TASK INSTRUCTIONS: Exact copy, no pictures: return only the lines below from the line with "Double Pack, backpack, black" up to and including the line with "La intrincada hebilla".

EXTRACTED RECORDS:
__________

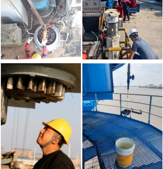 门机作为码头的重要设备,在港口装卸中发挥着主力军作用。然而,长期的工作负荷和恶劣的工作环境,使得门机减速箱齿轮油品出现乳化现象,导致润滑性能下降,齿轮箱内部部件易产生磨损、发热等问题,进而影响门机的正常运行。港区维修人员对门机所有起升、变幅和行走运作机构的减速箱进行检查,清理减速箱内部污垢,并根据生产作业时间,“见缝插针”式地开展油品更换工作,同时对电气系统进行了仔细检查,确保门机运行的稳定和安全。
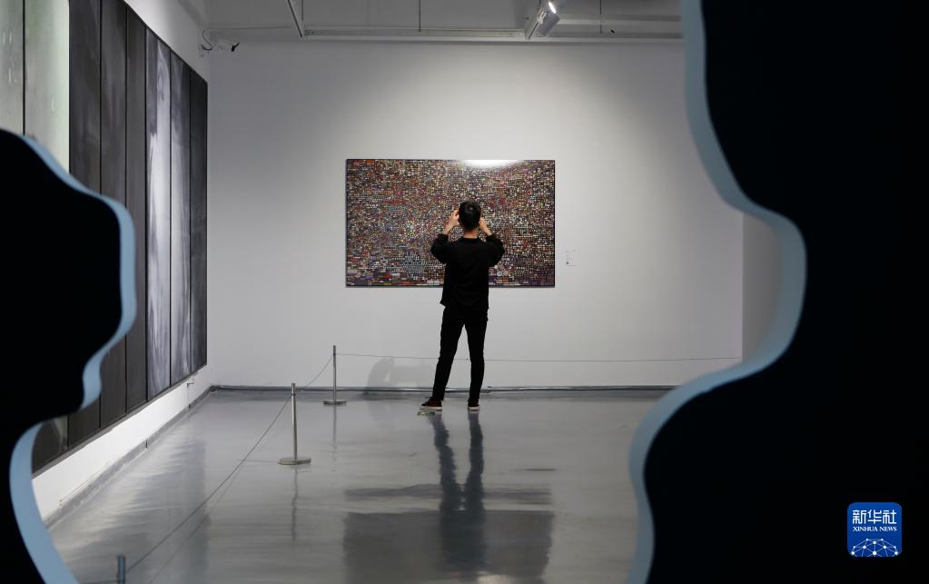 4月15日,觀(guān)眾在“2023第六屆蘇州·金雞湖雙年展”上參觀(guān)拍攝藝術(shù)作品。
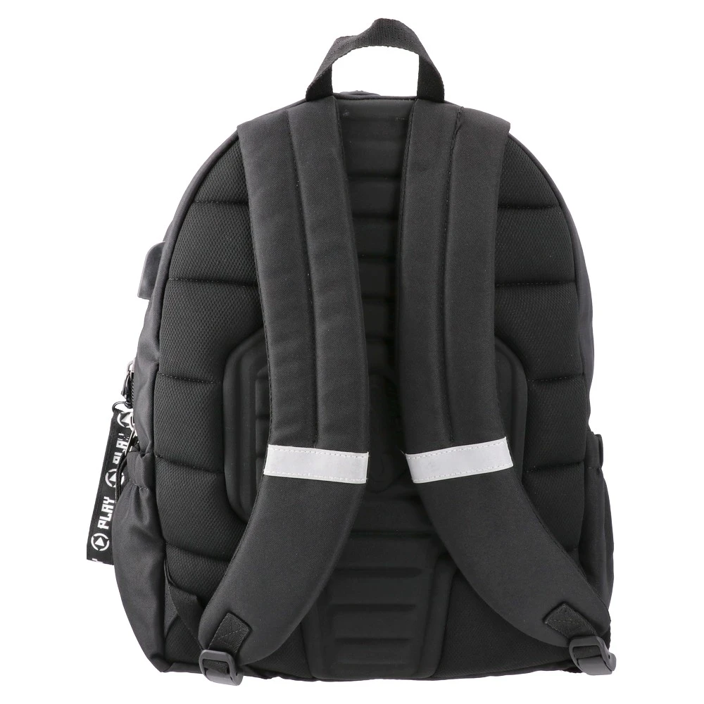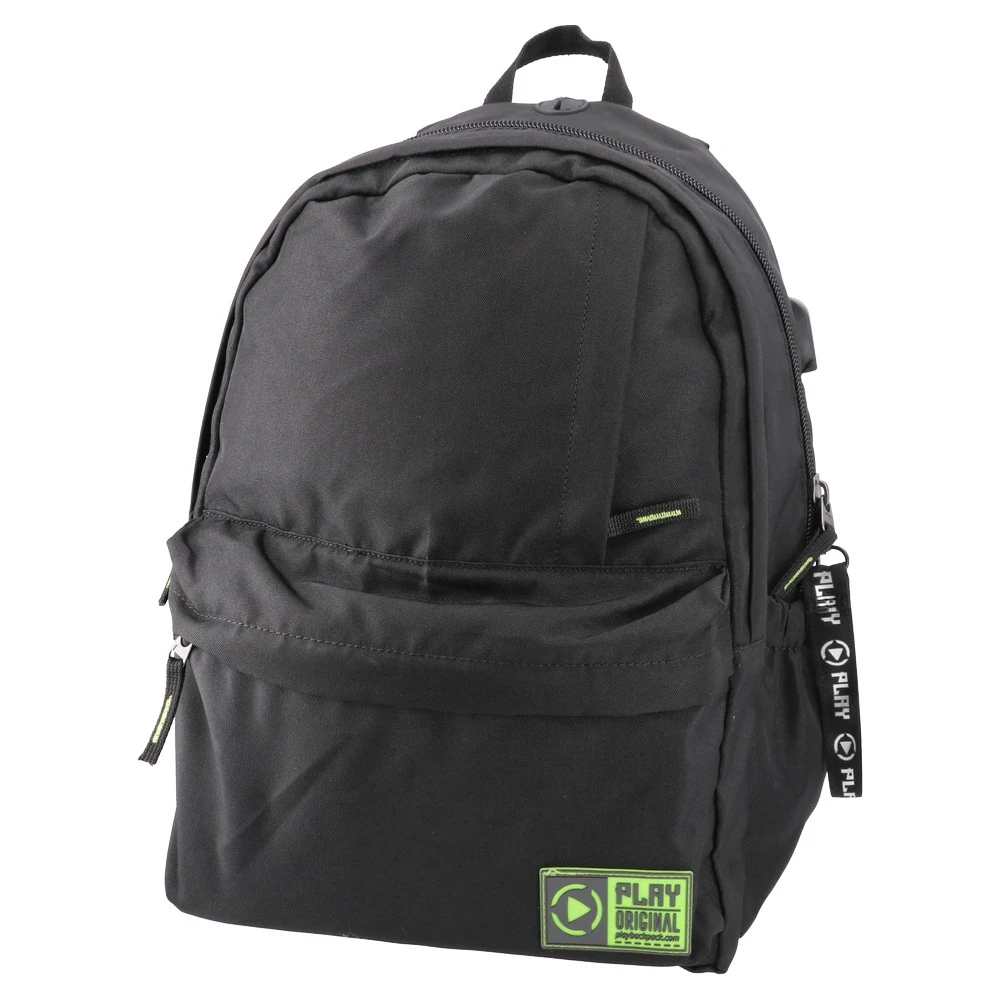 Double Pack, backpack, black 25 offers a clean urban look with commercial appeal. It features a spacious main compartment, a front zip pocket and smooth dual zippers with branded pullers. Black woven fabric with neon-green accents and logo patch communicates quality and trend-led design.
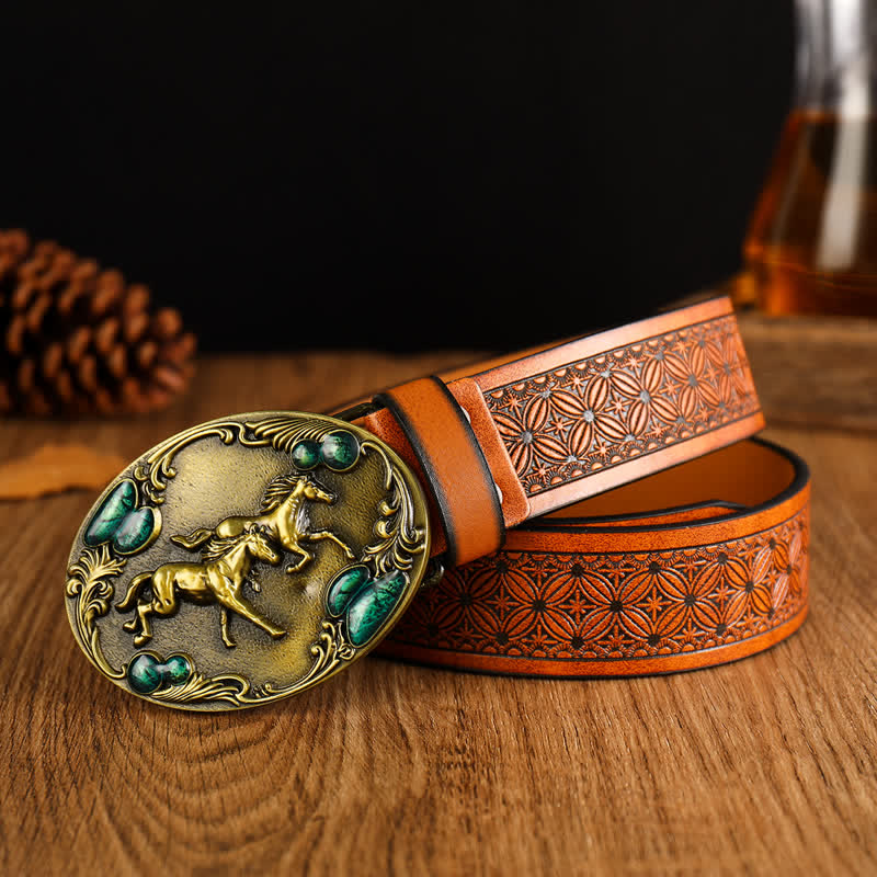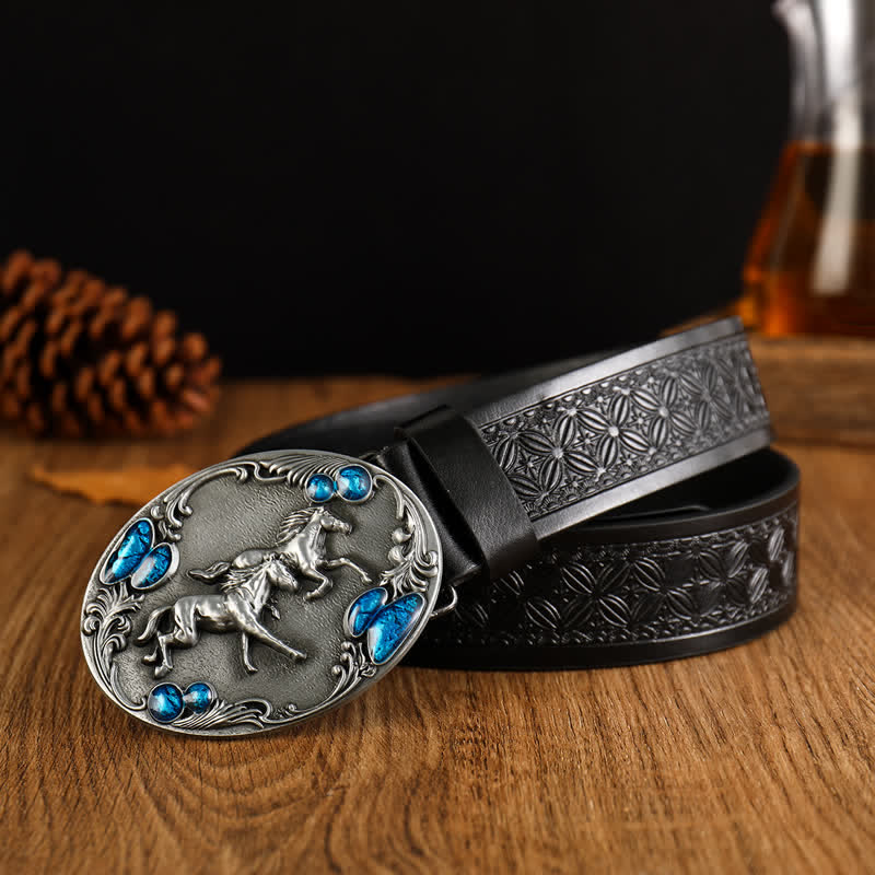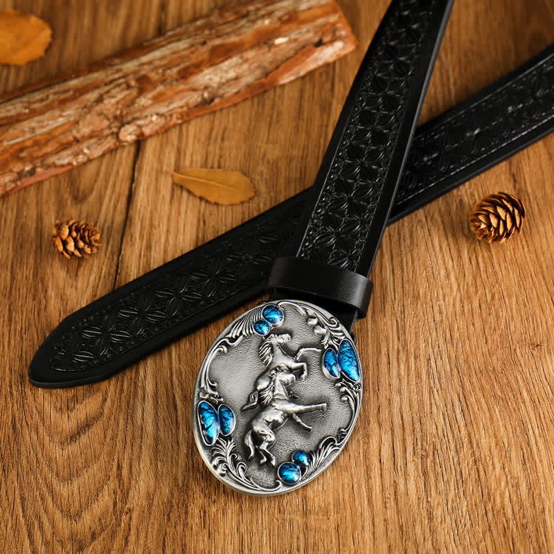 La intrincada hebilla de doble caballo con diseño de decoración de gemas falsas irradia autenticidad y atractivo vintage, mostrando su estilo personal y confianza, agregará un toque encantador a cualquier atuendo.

__________

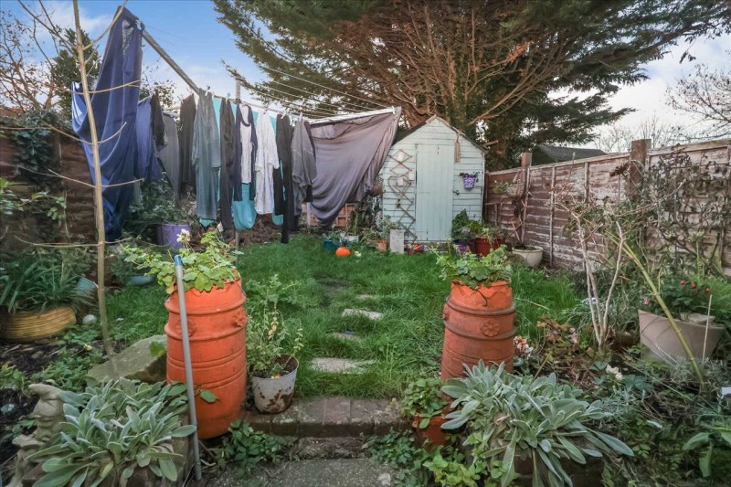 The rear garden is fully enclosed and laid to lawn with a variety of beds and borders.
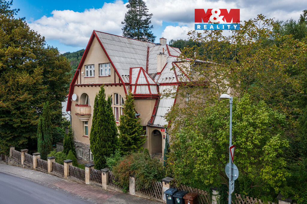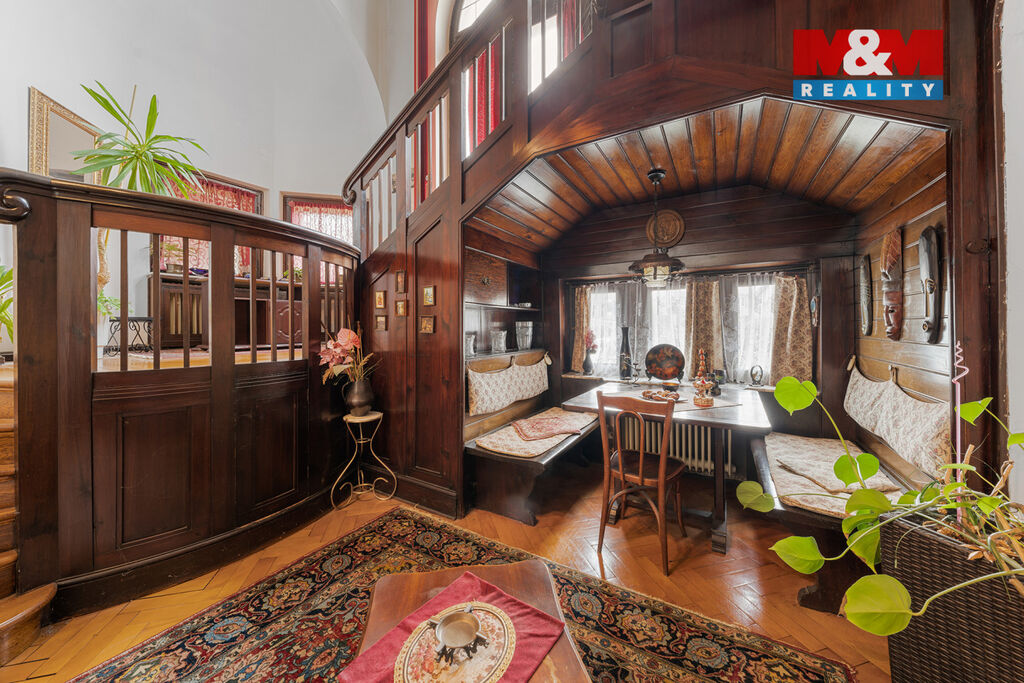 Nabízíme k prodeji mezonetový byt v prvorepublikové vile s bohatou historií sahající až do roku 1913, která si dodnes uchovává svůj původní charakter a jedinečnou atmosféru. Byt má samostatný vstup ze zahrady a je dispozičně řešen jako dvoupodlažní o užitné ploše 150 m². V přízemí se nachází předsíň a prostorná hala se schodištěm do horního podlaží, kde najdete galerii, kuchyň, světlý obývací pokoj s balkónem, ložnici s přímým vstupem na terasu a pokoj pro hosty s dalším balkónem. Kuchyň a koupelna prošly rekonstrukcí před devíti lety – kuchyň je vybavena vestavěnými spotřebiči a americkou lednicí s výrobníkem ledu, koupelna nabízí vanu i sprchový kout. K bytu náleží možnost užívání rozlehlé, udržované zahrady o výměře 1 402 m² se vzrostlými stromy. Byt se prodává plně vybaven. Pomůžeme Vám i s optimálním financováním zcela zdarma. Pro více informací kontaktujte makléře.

__________

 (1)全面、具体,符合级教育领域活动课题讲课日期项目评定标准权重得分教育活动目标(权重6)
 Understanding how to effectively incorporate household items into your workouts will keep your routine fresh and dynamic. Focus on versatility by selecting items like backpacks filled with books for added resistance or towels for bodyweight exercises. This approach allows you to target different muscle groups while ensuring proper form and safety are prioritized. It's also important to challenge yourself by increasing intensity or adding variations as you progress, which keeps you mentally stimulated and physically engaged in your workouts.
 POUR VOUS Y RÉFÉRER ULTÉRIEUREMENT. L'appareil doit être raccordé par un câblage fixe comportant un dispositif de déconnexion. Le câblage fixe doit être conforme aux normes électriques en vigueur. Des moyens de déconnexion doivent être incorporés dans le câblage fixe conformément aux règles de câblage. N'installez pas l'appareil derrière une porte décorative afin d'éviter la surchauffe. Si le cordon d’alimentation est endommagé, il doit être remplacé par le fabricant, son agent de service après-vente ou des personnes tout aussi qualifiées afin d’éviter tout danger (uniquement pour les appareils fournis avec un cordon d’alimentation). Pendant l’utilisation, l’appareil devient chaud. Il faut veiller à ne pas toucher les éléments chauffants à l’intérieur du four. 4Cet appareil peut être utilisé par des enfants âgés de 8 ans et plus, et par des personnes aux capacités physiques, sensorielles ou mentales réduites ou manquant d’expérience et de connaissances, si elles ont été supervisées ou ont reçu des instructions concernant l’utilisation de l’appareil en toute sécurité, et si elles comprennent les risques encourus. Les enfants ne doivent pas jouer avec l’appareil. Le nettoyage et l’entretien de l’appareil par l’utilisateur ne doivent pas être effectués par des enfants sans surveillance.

__________

WRITTEN RESPONSE:
 Double Pack, backpack, black 25 offers a clean urban look with commercial appeal. It features a spacious main compartment, a front zip pocket and smooth dual zippers with branded pullers. Black woven fabric with neon-green accents and logo patch communicates quality and trend-led design.
 La intrincada hebilla de doble caballo con diseño de decoración de gemas falsas irradia autenticidad y atractivo vintage, mostrando su estilo personal y confianza, agregará un toque encantador a cualquier atuendo.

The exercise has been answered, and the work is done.